In September, at the urging of the new health czar, former Assemblyman Burt Margolin, the county bought some valuable time when it won a waiver of federal rules from the Clinton Administration. That gave the county $364 million to keep clinics and hospitals open for now, on the condition that Los Angeles make major reforms leading toward the less costly outpatient and other preventive care systems.

It is unlikely the department can make more progress without major changes in governance, however. Margolin is working on a proposal by Supervisor Zev Yaroslavsky to create a county health authority as a buffer between the Board of Supervisors and the health bureaucracy. Margolin plans to issue his report on its feasibility by month’s end.

This concept has much merit, and has proven effective in Dallas and Las Vegas. As ever, the devil is in the details. One political problem is that supervisors would have to give up coveted control, and there are key questions about the makeup of such an authority and what qualifications members should have. Clearly such an authority should be composed primarily of experts in the delivery of health care, but local governments and consumers should also be represented.

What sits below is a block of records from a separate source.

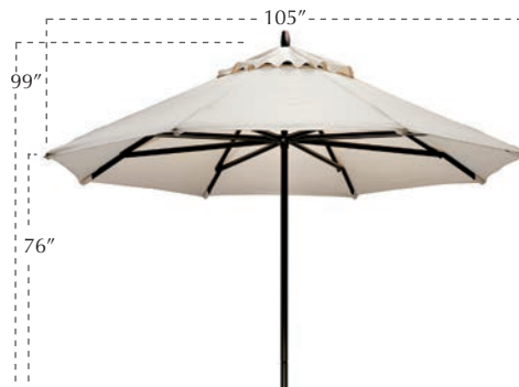
600 9' Commercial Market Umbrella Weight: 14 lbs 3/3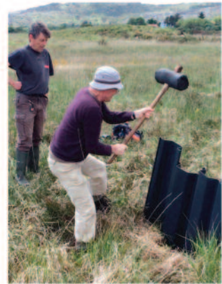
304 working hours were contributed to the BioBlitz from 28 different volunteers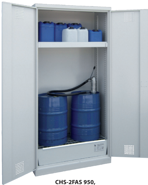
CHS-2FAS 950, Article no. B80-6225-A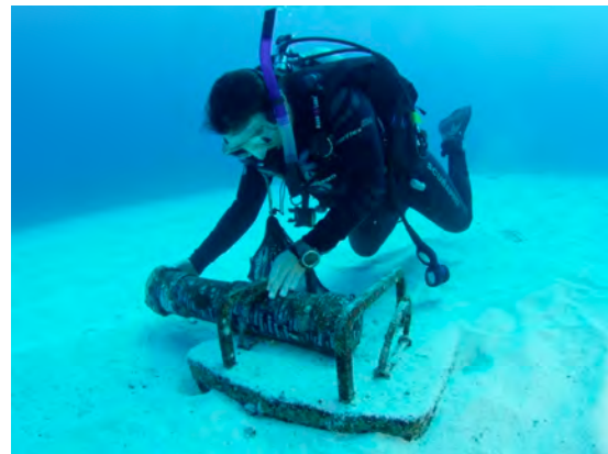
Diver placing an acoustic recorder on the ocean floor.

Background: Between December and April, male humpback whale song becomes the dominant source of underwater ambient noise in many parts of Hawai'i, creating a chorus of whale singing. Because whale song can transmit over several miles, the acoustic energy produced by singing whales can be used to track the relative presence of whales in an area, revealing the timing of their arrival, their peak abundance, and their departure. The abundance of song can also be used to compare the relative occurrence of whales across locations and between years, providing a useful metric for studying geographic variability and annual trends in whale presence. Metrics of whale song abundance are obtained through bottom-moored acoustic recorders that measure the soundscape of an area, which includes whale chorusing, over the course of the breeding season. Automated algorithms are then used to quantify the amount of whale song present in recordings. In addition to monitoring whale song, the recorders are also used to quantify vessel traffic in various parts of sanctuary waters, offering a unique opportunity to examine human use patterns. Acoustic monitoring efforts are led by HIHWNMS in partnership with Oceanwide Science Institute and are funded in part through the

The quest for a new health department director has been hampered by a national perception among potential candidates that the job is politically too hot and that whoever gets it will be on the streets in no time, just as New York City chews up and spits out school superintendents. If the county wants to solve its health care crisis, it must start to insulate the health department from local politics--and persuade Washington and Sacramento it is not too calcified to change its ways. The opportunity is here for Los Angeles County, which has the second-largest public health system in the nation, after New York’s, to provide a national model in modern public health. Let’s not blow it.